Re: UNION versus SUB SELECT - Mailing list pgsql-performance
From | Robert DiFalco |
---|---|
Subject | Re: UNION versus SUB SELECT |
Date | |
Msg-id | CAAXGW-wEuC3EopsNgtGoA256sBGtHQ1mdcF0_zMEXevXaaZx6w@mail.gmail.com Whole thread Raw |
In response to | Re: UNION versus SUB SELECT (desmodemone <desmodemone@gmail.com>) |
List | pgsql-performance |
Sorry I couldn't get buffers to work but here is the explain analyze verbose:
dft1fjfv106r48=> explain analyze verbose select c.* from contacts c where c.id IN ( select p.contact_id from phone_numbers p where (p.national = 5038904993 and p.e164 = '+15038904993')) or c.id IN ( select e.contact_id from email_addresses e where e.email = 'robert.xxxxx@gmail.com') ;
QUERY PLAN
----------------------------------------------------------------------------------------------------------------------------------------------------
Seq Scan on public.contacts c (cost=8.12..75.73 rows=1988 width=95) (actual time=0.410..0.410 rows=0 loops=1)
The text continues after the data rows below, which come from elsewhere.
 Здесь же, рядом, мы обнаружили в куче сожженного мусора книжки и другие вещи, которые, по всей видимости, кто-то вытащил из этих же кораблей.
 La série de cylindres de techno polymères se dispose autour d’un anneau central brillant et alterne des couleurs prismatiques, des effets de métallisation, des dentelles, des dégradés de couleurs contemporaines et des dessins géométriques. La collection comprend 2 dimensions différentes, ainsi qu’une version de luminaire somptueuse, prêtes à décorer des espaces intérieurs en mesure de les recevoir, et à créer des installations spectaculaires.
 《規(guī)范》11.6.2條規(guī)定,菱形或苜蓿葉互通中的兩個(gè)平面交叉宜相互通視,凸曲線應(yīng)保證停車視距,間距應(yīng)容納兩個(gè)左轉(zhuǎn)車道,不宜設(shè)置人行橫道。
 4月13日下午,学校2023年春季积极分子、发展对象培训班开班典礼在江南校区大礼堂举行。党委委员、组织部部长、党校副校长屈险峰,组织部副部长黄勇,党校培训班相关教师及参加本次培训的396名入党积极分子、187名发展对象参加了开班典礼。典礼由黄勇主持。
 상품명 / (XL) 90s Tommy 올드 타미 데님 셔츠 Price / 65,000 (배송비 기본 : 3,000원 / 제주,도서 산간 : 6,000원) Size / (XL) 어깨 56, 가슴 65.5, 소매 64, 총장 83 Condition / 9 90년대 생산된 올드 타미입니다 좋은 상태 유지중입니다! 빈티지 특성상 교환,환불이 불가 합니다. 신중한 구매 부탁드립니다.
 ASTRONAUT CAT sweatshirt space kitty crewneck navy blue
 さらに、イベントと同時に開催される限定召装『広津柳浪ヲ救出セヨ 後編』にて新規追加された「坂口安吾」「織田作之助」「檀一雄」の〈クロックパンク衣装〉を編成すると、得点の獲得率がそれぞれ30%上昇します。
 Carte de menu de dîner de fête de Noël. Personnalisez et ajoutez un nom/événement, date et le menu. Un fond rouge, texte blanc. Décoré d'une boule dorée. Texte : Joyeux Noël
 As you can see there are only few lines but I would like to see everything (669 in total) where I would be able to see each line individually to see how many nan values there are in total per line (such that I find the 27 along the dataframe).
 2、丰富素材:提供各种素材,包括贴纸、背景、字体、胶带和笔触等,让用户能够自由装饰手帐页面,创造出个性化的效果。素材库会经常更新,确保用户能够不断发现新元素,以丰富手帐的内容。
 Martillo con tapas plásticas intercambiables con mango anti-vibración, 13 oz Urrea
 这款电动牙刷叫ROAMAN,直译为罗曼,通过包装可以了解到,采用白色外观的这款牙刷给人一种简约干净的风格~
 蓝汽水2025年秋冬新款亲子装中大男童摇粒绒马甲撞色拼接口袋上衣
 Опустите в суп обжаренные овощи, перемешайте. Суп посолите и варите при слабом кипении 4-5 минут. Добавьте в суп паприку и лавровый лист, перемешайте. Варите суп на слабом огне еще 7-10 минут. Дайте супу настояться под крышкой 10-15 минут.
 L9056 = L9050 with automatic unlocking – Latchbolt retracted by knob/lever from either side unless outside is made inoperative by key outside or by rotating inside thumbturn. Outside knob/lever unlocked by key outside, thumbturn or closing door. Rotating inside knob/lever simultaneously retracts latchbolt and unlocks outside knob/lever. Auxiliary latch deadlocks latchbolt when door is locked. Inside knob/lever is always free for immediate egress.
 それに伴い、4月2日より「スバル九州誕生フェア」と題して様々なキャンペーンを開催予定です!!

Output: c.id, c.owner_id, c.user_id, c.device_id, c.last_call, c.record_id, c.dtype, c.blocked, c.details_hash, c.fname, c.lname, c.fb_id
Filter: ((hashed SubPlan 1) OR (hashed SubPlan 2))
Rows Removed by Filter: 2849
SubPlan 1
-> Index Scan using idx_phone_address on public.phone_numbers p (cost=0.06..4.06 rows=1 width=8) (actual time=0.015..0.015 rows=0 loops=1)
Output: p.contact_id
Index Cond: ((p."national" = 5038904993::bigint) AND ((p.e164)::text = '+15038904993'::text))
SubPlan 2
-> Index Scan using idx_email_address on public.email_addresses e (cost=0.06..4.06 rows=1 width=8) (actual time=0.018..0.018 rows=0 loops=1)
Output: e.contact_id
Index Cond: ((e.email)::text = 'robert.xxxxx@gmail.com'::text)
Total runtime: 0.489 ms
(13 rows)
dft1fjfv106r48=> explain analyze verbose select c.* from contacts c where exists( select 1 from phone_numbers p where (p.national = 5038904993 and p.e164 = '+15038904993') and p.contact_id = c.id) or EXISTS( select 1 from email_addresses e where e.email = 'robert.xxxxx@gmail.com' and e.contact_id = c.id) ;
QUERY PLAN
------------------------------------------------------------------------------------------------------------------------------------------------------
Seq Scan on public.contacts c (cost=0.00..21596.38 rows=1988 width=95) (actual time=0.479..0.479 rows=0 loops=1)
Output: c.id, c.owner_id, c.user_id, c.device_id, c.last_call, c.record_id, c.dtype, c.blocked, c.details_hash, c.fname, c.lname, c.fb_id
Filter: ((alternatives: SubPlan 1 or hashed SubPlan 2) OR (alternatives: SubPlan 3 or hashed SubPlan 4))
Rows Removed by Filter: 2849
SubPlan 1
-> Index Scan using idx_phone_address on public.phone_numbers p (cost=0.06..4.06 rows=1 width=0) (never executed)
Index Cond: ((p."national" = 5038904993::bigint) AND ((p.e164)::text = '+15038904993'::text))
Filter: (p.contact_id = c.id)
SubPlan 2
-> Index Scan using idx_phone_address on public.phone_numbers p_1 (cost=0.06..4.06 rows=1 width=8) (actual time=0.010..0.010 rows=0 loops=1)
Output: p_1.contact_id
Index Cond: ((p_1."national" = 5038904993::bigint) AND ((p_1.e164)::text = '+15038904993'::text))
SubPlan 3
-> Index Scan using idx_email_address on public.email_addresses e (cost=0.06..4.06 rows=1 width=0) (never executed)
Index Cond: ((e.email)::text = 'robert.xxxxx@gmail.com'::text)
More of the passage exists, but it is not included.